The Ultimate Student Cookbook
We review this bible of thrift
By Fiona Beckett, with Signe Johansen, Guy Million and James Ramsden
Even after close inspection we cannot confirm whether the small oval items on the cover are eggs or lone baked beans. The red background indicates the latter, and this, combined with their nod towards the ‘young people, put down your beans and let’s make an omelette’ school of cookery, put us right off.

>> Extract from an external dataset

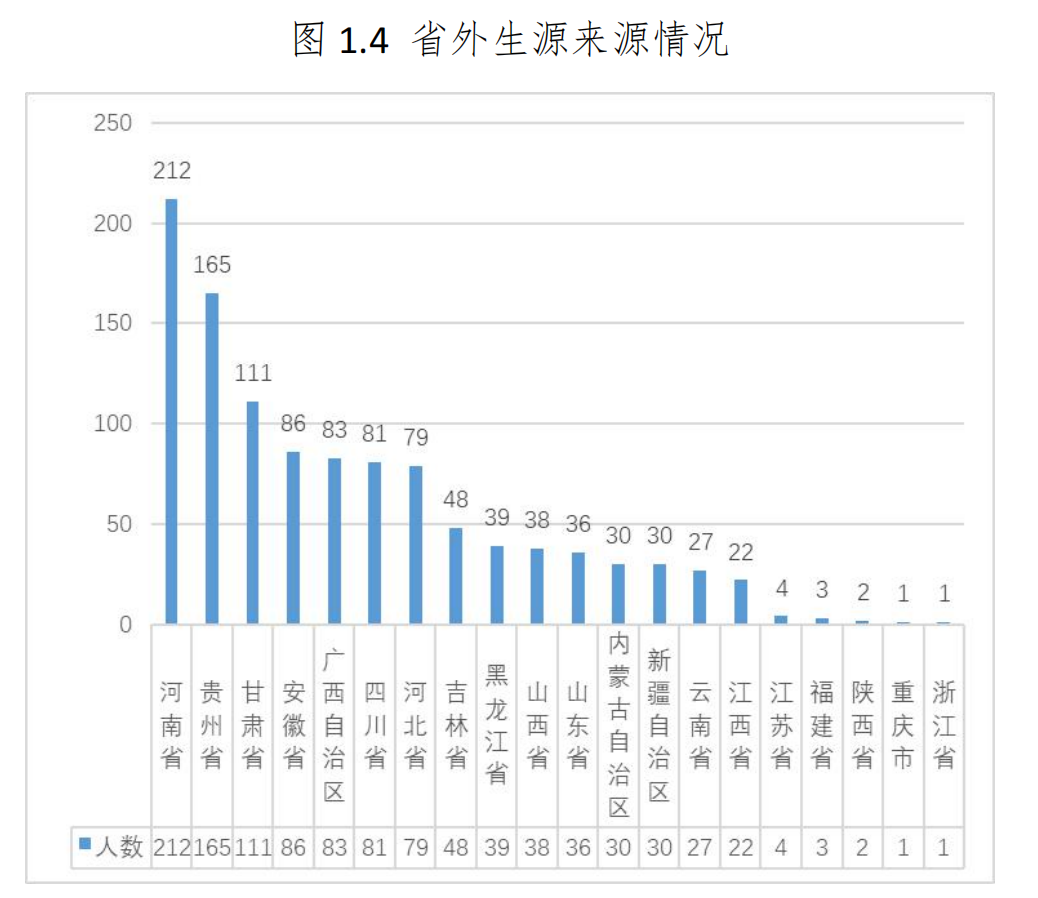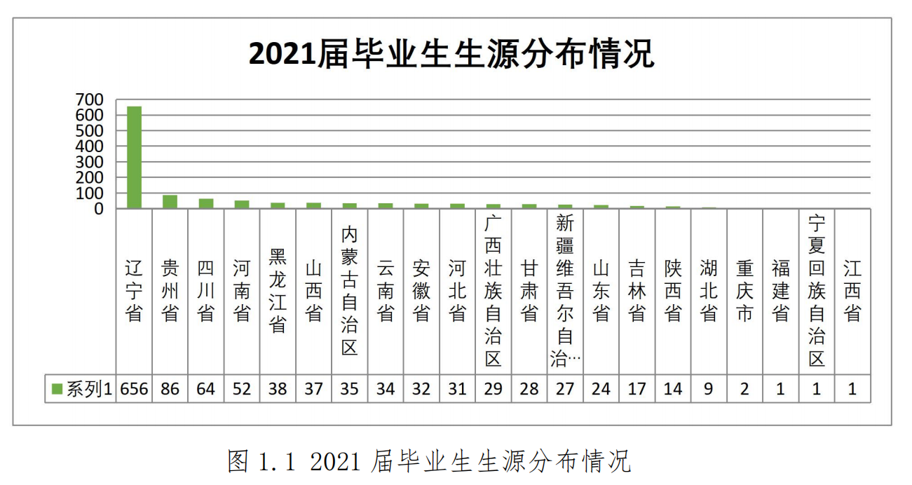 辽东学院 2021 届毕业生共有 4012 人,其中,本科生 2339 人,占毕业生总数 58.30%;专科生 1673 人,占毕业生总数 41.70%。各学历层次 的女生均多于男生,其中,本科毕业生男女比为 1:2.16,专科毕 业生男女比为 1:3.14。毕业生来源于 21 个省(直辖市、自治区),分布较 广,其中,省内生源共有 2914 人,占毕业生总数的 72.63%;省 外生源共有 1098 人,占毕业生总数的 27.37%,与 2020 年相比, 省外毕业生数有比较明显的增加。

Our aversion may or may not be thinly veiled bitterness at people with so much ahead of them, they are only just managing to progress beyond baked beans. But anyway, beyond the maybe-beans, this book is brilliant. For less than a tenner, you get three years’ worth of meals, plus genuinely useful tips, tricks and ideas to wow your peoples with. It seamlessly combines the stuff we might not want to admit we need help with (cooking pasta, barbecuing, making mash) with stunning recipes and plenty of gawp-worthy pics. There are easy lunches in the shapes of wraps, subs and jacket potatoes; full-on, full-house dishes like spring onion and sweetcorn chowder, black bean chilli, and sausage and butterbean casserole; plus a whole chapter dedicated to ‘flashy show-off recipes’ – spring vegetable and goats cheese risotto, slow roast lamb, and Irish soda bread. Last come the cocktails, puds and all the baked goods you could bear to rustle up in a grizzly shared oven.
Best of all, every recipe comes with a price guide (£ - ££££), and the opening section (after a foreword by Heston B, which seems to imply that if you use this book you might be equipped to take over the Fat Duck) has tips on what to buy where, store cupboard essentials, and what you need to build a basic kitchen kit.
This is a fantastic cookbook-come-compendium whether you’re a student or wish you still were – we’re packing our student siblings off with the rubbish ones and keeping this for ourselves.